● **Collected material**:

_ _ _

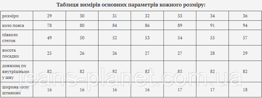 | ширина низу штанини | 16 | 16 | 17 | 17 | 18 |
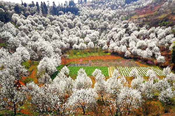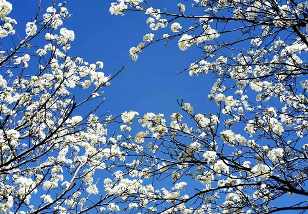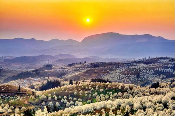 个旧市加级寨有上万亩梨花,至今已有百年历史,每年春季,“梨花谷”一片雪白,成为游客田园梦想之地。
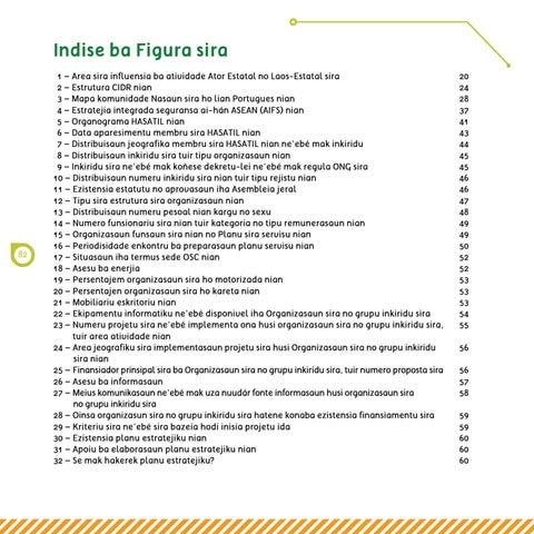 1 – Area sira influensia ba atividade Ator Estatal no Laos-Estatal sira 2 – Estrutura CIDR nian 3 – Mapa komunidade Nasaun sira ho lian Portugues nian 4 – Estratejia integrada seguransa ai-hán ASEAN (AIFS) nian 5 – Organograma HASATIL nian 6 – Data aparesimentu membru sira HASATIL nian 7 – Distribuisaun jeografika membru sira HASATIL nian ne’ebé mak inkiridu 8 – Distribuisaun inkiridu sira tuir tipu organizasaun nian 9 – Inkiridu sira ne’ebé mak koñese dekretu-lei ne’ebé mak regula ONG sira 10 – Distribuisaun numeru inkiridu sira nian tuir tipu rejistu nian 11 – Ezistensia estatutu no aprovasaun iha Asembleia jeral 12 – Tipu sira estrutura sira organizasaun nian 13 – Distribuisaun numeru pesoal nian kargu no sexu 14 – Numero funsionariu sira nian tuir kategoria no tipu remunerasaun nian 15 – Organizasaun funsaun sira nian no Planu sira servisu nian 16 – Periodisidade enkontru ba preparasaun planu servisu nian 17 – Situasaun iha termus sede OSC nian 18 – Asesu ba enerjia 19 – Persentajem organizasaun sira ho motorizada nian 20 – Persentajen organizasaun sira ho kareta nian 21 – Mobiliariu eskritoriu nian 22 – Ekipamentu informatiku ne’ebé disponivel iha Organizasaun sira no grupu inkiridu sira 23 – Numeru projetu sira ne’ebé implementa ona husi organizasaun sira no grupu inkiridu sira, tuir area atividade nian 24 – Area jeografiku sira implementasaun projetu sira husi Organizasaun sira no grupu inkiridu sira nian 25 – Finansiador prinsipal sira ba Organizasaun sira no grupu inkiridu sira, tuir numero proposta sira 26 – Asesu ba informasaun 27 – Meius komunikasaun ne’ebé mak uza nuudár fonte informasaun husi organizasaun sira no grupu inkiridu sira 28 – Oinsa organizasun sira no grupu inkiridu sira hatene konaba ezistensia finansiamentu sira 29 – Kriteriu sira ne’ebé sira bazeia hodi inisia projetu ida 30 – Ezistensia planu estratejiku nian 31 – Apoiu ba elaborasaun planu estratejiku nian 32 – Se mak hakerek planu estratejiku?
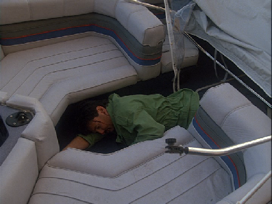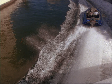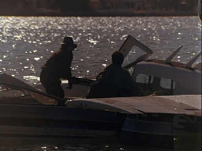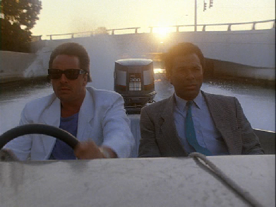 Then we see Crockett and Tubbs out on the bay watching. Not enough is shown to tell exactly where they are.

_ _ _

● **What this task involves**: The task calls for duplicating the data exactly, with no images kept.

● **Result of the task**:
 | ширина низу штанини | 16 | 16 | 17 | 17 | 18 |
 个旧市加级寨有上万亩梨花,至今已有百年历史,每年春季,“梨花谷”一片雪白,成为游客田园梦想之地。
 1 – Area sira influensia ba atividade Ator Estatal no Laos-Estatal sira 2 – Estrutura CIDR nian 3 – Mapa komunidade Nasaun sira ho lian Portugues nian 4 – Estratejia integrada seguransa ai-hán ASEAN (AIFS) nian 5 – Organograma HASATIL nian 6 – Data aparesimentu membru sira HASATIL nian 7 – Distribuisaun jeografika membru sira HASATIL nian ne’ebé mak inkiridu 8 – Distribuisaun inkiridu sira tuir tipu organizasaun nian 9 – Inkiridu sira ne’ebé mak koñese dekretu-lei ne’ebé mak regula ONG sira 10 – Distribuisaun numeru inkiridu sira nian tuir tipu rejistu nian 11 – Ezistensia estatutu no aprovasaun iha Asembleia jeral 12 – Tipu sira estrutura sira organizasaun nian 13 – Distribuisaun numeru pesoal nian kargu no sexu 14 – Numero funsionariu sira nian tuir kategoria no tipu remunerasaun nian 15 – Organizasaun funsaun sira nian no Planu sira servisu nian 16 – Periodisidade enkontru ba preparasaun planu servisu nian 17 – Situasaun iha termus sede OSC nian 18 – Asesu ba enerjia 19 – Persentajem organizasaun sira ho motorizada nian 20 – Persentajen organizasaun sira ho kareta nian 21 – Mobiliariu eskritoriu nian 22 – Ekipamentu informatiku ne’ebé disponivel iha Organizasaun sira no grupu inkiridu sira 23 – Numeru projetu sira ne’ebé implementa ona husi organizasaun sira no grupu inkiridu sira, tuir area atividade nian 24 – Area jeografiku sira implementasaun projetu sira husi Organizasaun sira no grupu inkiridu sira nian 25 – Finansiador prinsipal sira ba Organizasaun sira no grupu inkiridu sira, tuir numero proposta sira 26 – Asesu ba informasaun 27 – Meius komunikasaun ne’ebé mak uza nuudár fonte informasaun husi organizasaun sira no grupu inkiridu sira 28 – Oinsa organizasun sira no grupu inkiridu sira hatene konaba ezistensia finansiamentu sira 29 – Kriteriu sira ne’ebé sira bazeia hodi inisia projetu ida 30 – Ezistensia planu estratejiku nian 31 – Apoiu ba elaborasaun planu estratejiku nian 32 – Se mak hakerek planu estratejiku?
 Then we see Crockett and Tubbs out on the bay watching. Not enough is shown to tell exactly where they are.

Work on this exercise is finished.